The generated control information from a central dispatcher may be general, in that the central dispatcher may simply tell a data center to be prepared for n tons of cooling during a certain time period or a similar goal. In such a situation, the local controller may then convert those general instructions into more specific instructions, e.g., instructions to one or more chillers to begin operating sufficiently in advance so they can provide timely cooling, and to operate at certain levels (which can change over the time that the processing occurs). The instructions from the central dispatcher may also be more granular and take on more of the role from the local controller, such as by identifying which local resources to deploy and how to deploy them. For example, the central dispatcher's master plan may hinge on cooperative action between different data centers, with a goal of maintaining future flexibility and thus with concerns that may not be known to individual data centers. For example, a central dispatcher may understand that high variability in future time-sensitive processing needs is expected, and may thus want to hold capacity available at multiple data centers over-and-above what those data centers might otherwise hold. As such, the central dispatcher could instruct a local data center to operate its chillers at a maximum of 70% rather than 80%, but may then allow the local data center to determine how many chillers and which chillers to use to meet that goal (e.g., where the current or future operating state of each chiller may be known to the local controller but not the global controller). In other examples, the local dispatcher or the global dispatcher may take on operations otherwise handled by the other.

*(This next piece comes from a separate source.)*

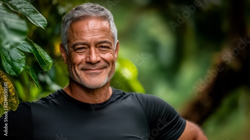 Man with a big smile on his face is standing in a lush green forest. He is wearing a black shirt and he is enjoying the natural surroundings

In certain implementations, the respective level of control may be divided so as to allow for data centers that are unaffiliated from each other (e.g., operated by different corporate entities) to process data from a central dispatcher, and to obtain revenue for such processing. With appropriate encryption of other privacy protections then, an organization may typically perform its own processing using its data center, but in times of lower demand (e.g., non-Christmas season for a retail company), the organization may make its excess bandwidth available under negotiated terms with a third party. Multiple such organizations may send data to the third-party indicating the amount of processing they have available during a defined future time period, and a price at which they are willing to perform the processing (where the price may be negotiated in advance and be part of an electronic price sheet that is available to all parties). The third-party may in turn take in demands for processing from other parties, and may use recent communications from the various organizations to choose which organizations to dispatch the processing too. The central organization may have some visibility into the mechanical and cooling capabilities of the various data centers so that it can better determine the capacity that each data center has. But the visibility may be limited, so that the organization can maintain secrecy over details about its operation.

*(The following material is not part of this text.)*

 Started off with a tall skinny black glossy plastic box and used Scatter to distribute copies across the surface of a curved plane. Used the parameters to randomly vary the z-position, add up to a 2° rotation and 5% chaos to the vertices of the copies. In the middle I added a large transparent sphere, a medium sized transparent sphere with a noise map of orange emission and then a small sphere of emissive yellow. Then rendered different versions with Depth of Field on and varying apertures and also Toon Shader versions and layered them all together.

At this point, the process may loop back to box 402 periodically or on the occurrence of a defined event, such as the arrival of a new batch of needed processing, a failure of a device or system that substantial degrades the performance of a part of the system, or other material change in events. The determinations used for dispatch may be updated and/or determined afresh using new information. For example, if the dispatcher has already committed certain data centers to certain processing, the system may leave such commitments in place, and may make determinations for new compute loads with those prior commitments applied as initial baselines—e.g., a data center that has a nominal capacity of X will be deemed to have a capacity of X-Y, where Y is the amount is committed already to handle.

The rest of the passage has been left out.